These labels were automatically added by AI and may be inaccurate. For details, see About Literature Database.
Abstract
Despite significant advancements in out-of-distribution (OOD) detection,
existing methods still struggle to maintain robustness against adversarial
attacks, compromising their reliability in critical real-world applications.

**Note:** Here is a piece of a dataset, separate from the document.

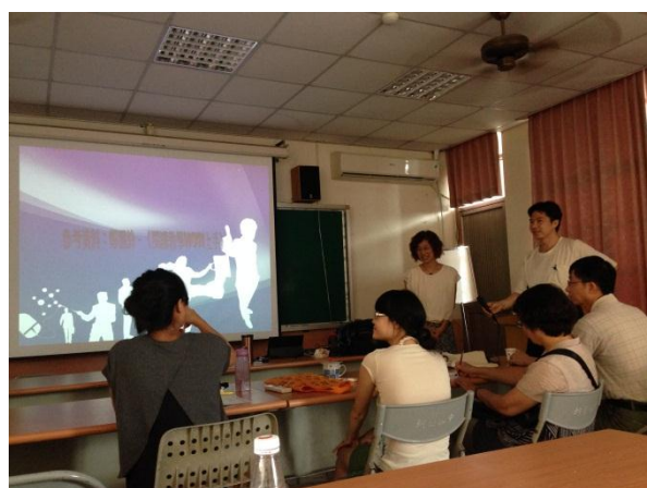
學員與講師意見交流

Previous studies have attempted to address this challenge by exposing detectors
to auxiliary OOD datasets alongside adversarial training. However, the
increased data complexity inherent in adversarial training, and the myriad of
ways that OOD samples can arise during testing, often prevent these approaches
from establishing robust decision boundaries. To address these limitations, we
propose AROS, a novel approach leveraging neural ordinary differential
equations (NODEs) with Lyapunov stability theorem in order to obtain robust
embeddings for OOD detection. By incorporating a tailored loss function, we
apply Lyapunov stability theory to ensure that both in-distribution (ID) and
OOD data converge to stable equilibrium points within the dynamical system.
This approach encourages any perturbed input to return to its stable
equilibrium, thereby enhancing the model's robustness against adversarial
perturbations. To not use additional data, we generate fake OOD embeddings by
sampling from low-likelihood regions of the ID data feature space,
approximating the boundaries where OOD data are likely to reside. To then
further enhance robustness, we propose the use of an orthogonal binary layer
following the stable feature space, which maximizes the separation between the
equilibrium points of ID and OOD samples. We validate our method through
extensive experiments across several benchmarks, demonstrating superior
performance, particularly under adversarial attacks. Notably, our approach
improves robust detection performance from 37.8% to 80.1% on CIFAR-10 vs.
CIFAR-100 and from 29.0% to 67.0% on CIFAR-100 vs. CIFAR-10.